# tadpole drowned?



## Baltimore Bryan

i had 2 leuc and 4 azureus tads about to morph out. 2 days ago, one leuc started floating at the surface. i didnt think it was a problem because i figured he was starting to use his lungs and would pop front legs soon. he popped them the next morning. the whole next day, he floated upside down, but i wasn't worried because he moved when i tapped his container a little. i thought he was just breathing, and he was upside down because his mouth was on the bottom of him, so his mouth would be in the air to breathe. well, that evening when i went to put some moss and pebbles in so he could climb out of the water when he wanted to, he didn't move at all. he was dead.  i was shocked. i couldnt believe he had died. is it possible that when he popped rfont legs and started using his lungs to breathe air he couldn't stay above the water and drowned? i would really appreciate some advice so my other tads can survive. i put moss in the other tads containers so they would have somthing to climb onto if they popped legs. anbody know what happened?


----------



## Guest

yes, it sounds to me like it drowned. Its very easy for them to drown at that stage, all non aquatic frogs not just darts.

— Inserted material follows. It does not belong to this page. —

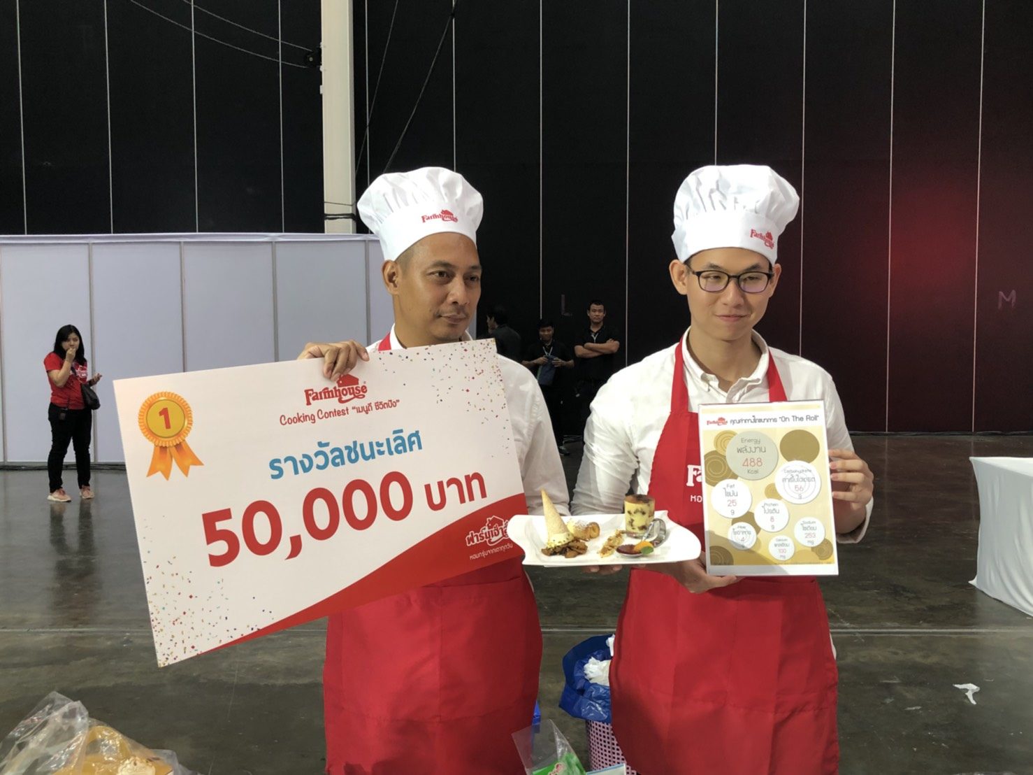 โดยสองหนุ่มที่คว้าชัยชนะในครั้งนี้ไปได้อย่าง “วรภัทร ศรีขจรเดช” เภสัชกร และ “คณพศ ธัญธนเจษฎาภา” ช่างภาพ จากทีม Duo กับเมนู “on the roll” ซึ่ง “วรภัทร” กล่าวว่า รู้สึกดีใจและตื่นเต้นที่ได้รางวัลชนะเลิศ ปกติไม่ใช่คนที่ทำอาหารเก่ง แต่ก็อยากจะมาลอง จึงพยายามเตรียมตัวมาให้ดีที่สุด
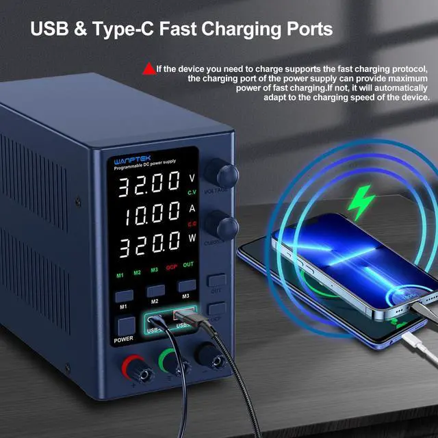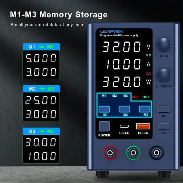 WANPTEK POWER Variable Dc Power Supply with Memory Preset/OCP/OUTPUT/USB-A/USB-C Port

When they reach the point where they gasp for air, its time to give them a way out of the water. Sorry you had to find out like that.
Swimming upside down could be a sign of a more serious problem, but I'll leave that for the experts to decide.


----------



## KeroKero

Sounds like it might actually have been another problem... the tadpole, no matter the stage, should not have been floating, and definately not belly up. Tinc group frogs are known for voluntarily staying in the water for long periods after their legs pop, so drowning isn't nearly as much of an issue with these frogs as others. I really doubt he drowned, it just sucks that the bloating/bubble developed late enough that it couldn't be corrected (if it could have) before he morphed.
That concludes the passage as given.